Moreover, I have the same problem with $C_b(\mathbb R)$. We have $C_0(\mathbb R)$ contained as a subspace, why should the dual of $C_0$ be smaller then?
Concerning your first question, there is a theorem due to Alexandroff, which says that if $X$ is a compact topological space and $M$ is an algebra that contains all open sets, then every finitely additive regular measures $\lambda:M\to\mathbb{R}$ is countably additive. Moreover, if $X$ is a Hausdorff space, then $\lambda$ can be extended in a unique way as a signed Radon measure to the smallest $\sigma$-algebra that contains $M$. You can find this in Dunford-Schwartz or Fonseca-Leoni.

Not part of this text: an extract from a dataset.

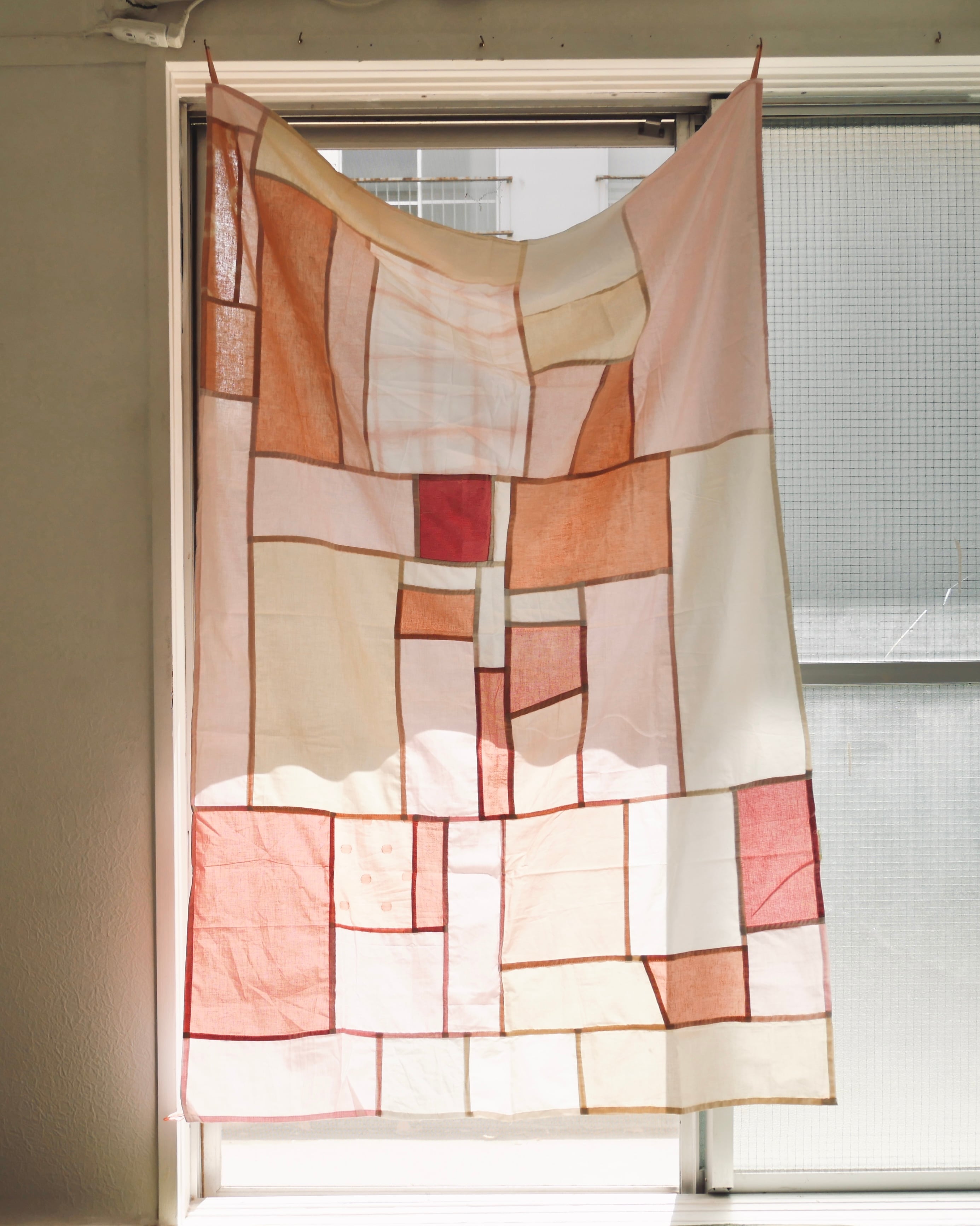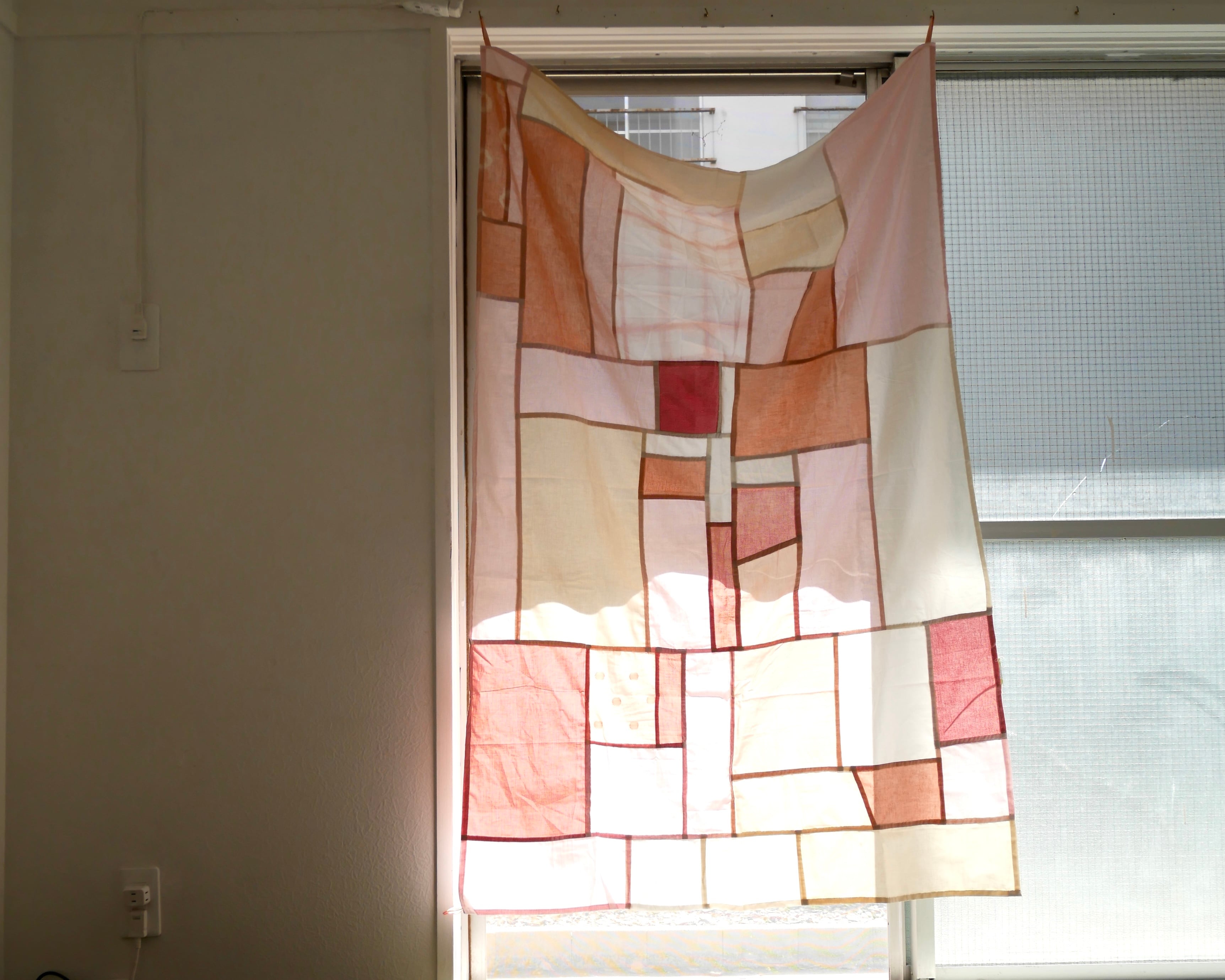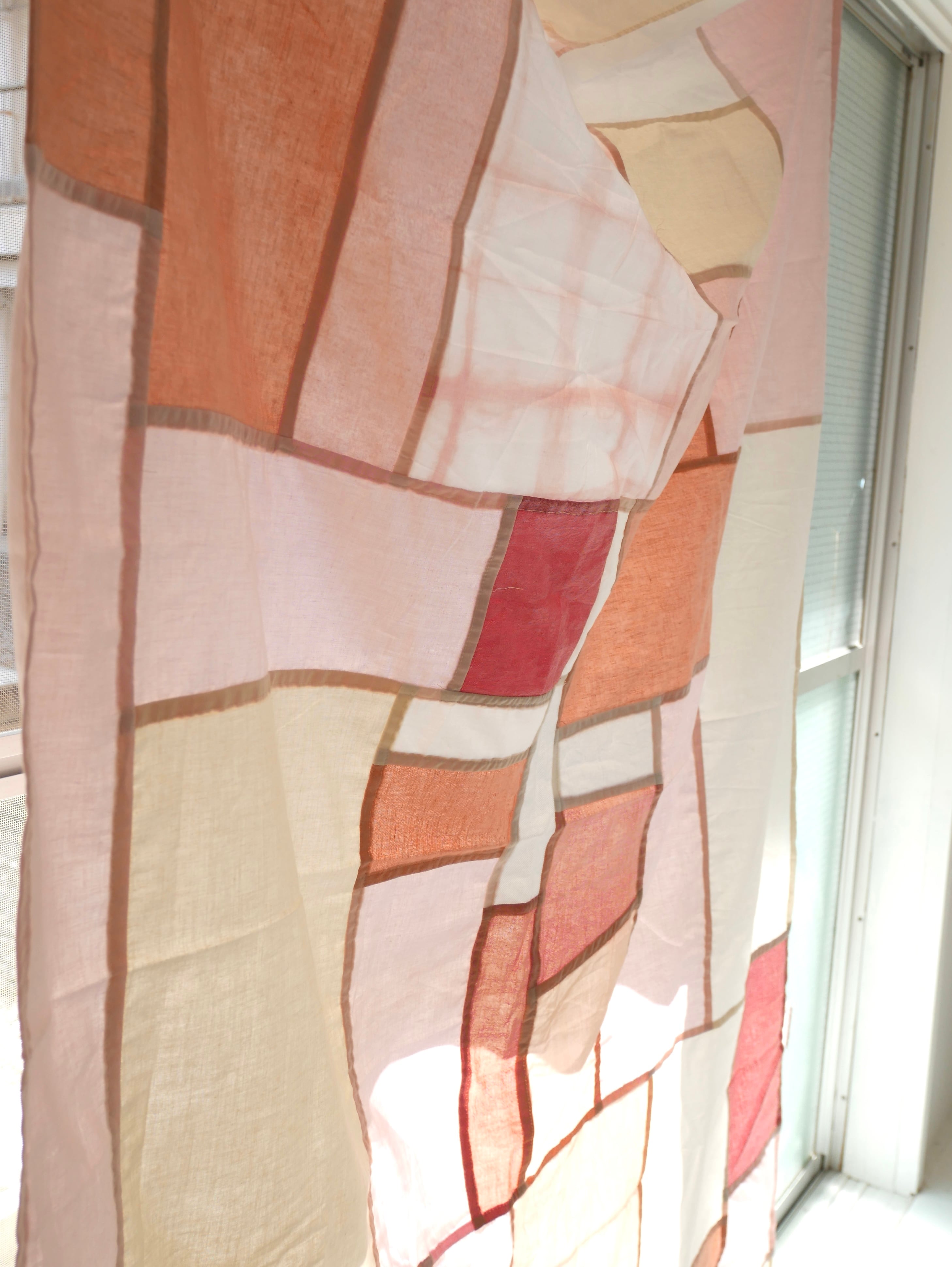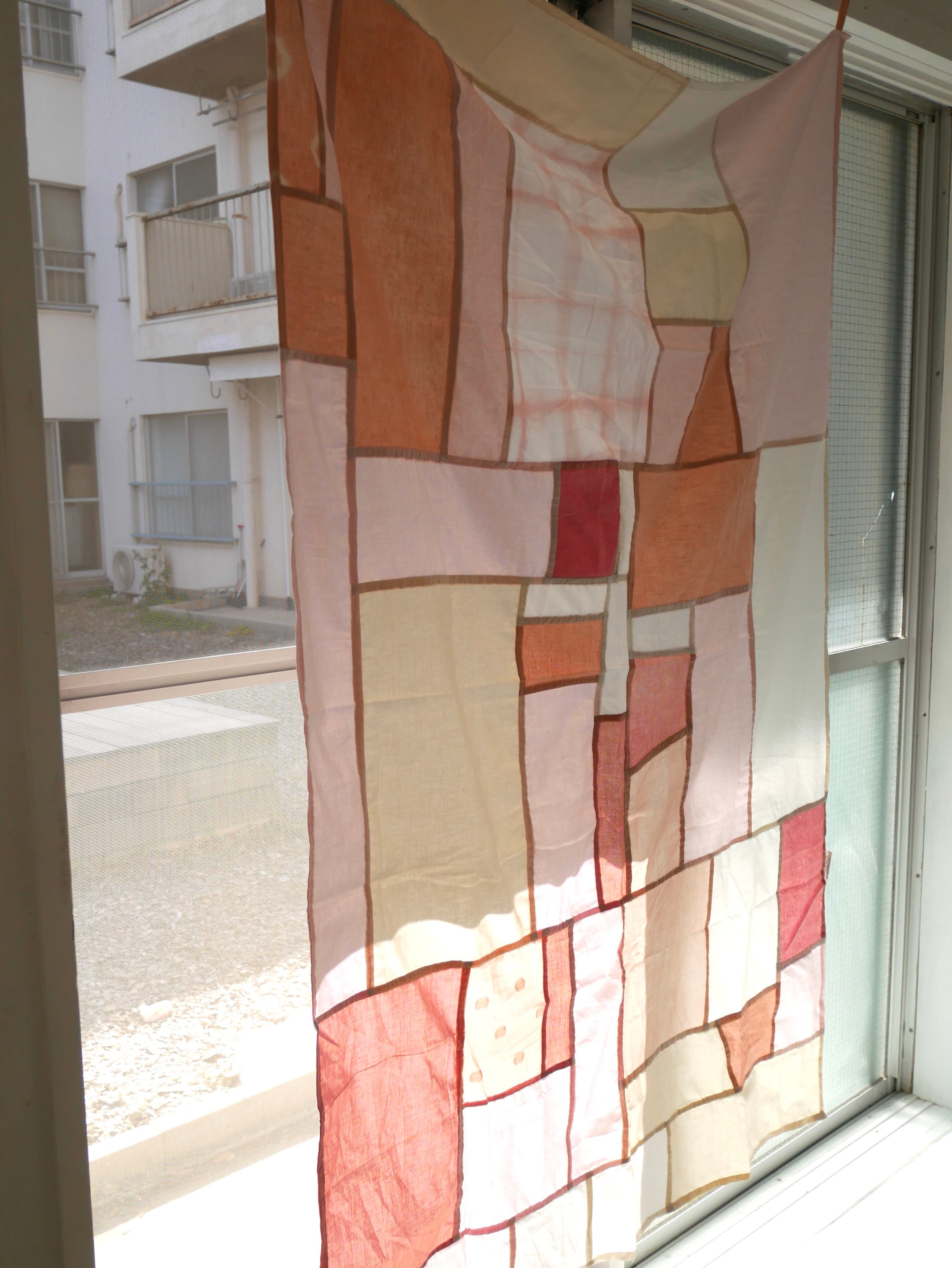 ピンクのグラデーションの全体の半分ほどが、植物染色布で、茜染すおう染めとなります。

Concerning your second question, if you have a linear continuous functional $L:C_0(\mathbb{R})\to \mathbb{R}$ then you can represent it as $L(f)=\int_\mathbb{R}f\,d\mu$, where $\mu$ is a Radon measure. Since $C_0(\mathbb{R})$ is contained in $C_b$ or in the space of bounded functions, by the Hahn-Banach theorem you can extend $L$ to a continuous linear functional defined in those spaces. In turn the extension can be represented as an integral with respect to a finitely additive measure, say $\lambda$. All you know is that $\int_\mathbb{R}f\,d\mu=\int_\mathbb{R}f\,d\lambda$ for all $f\in C_0(\mathbb{R})$. The standard example is the Banach limit. The idea is that you can have "nasty" functionals which, when restricted to smaller spaces, are much nicer.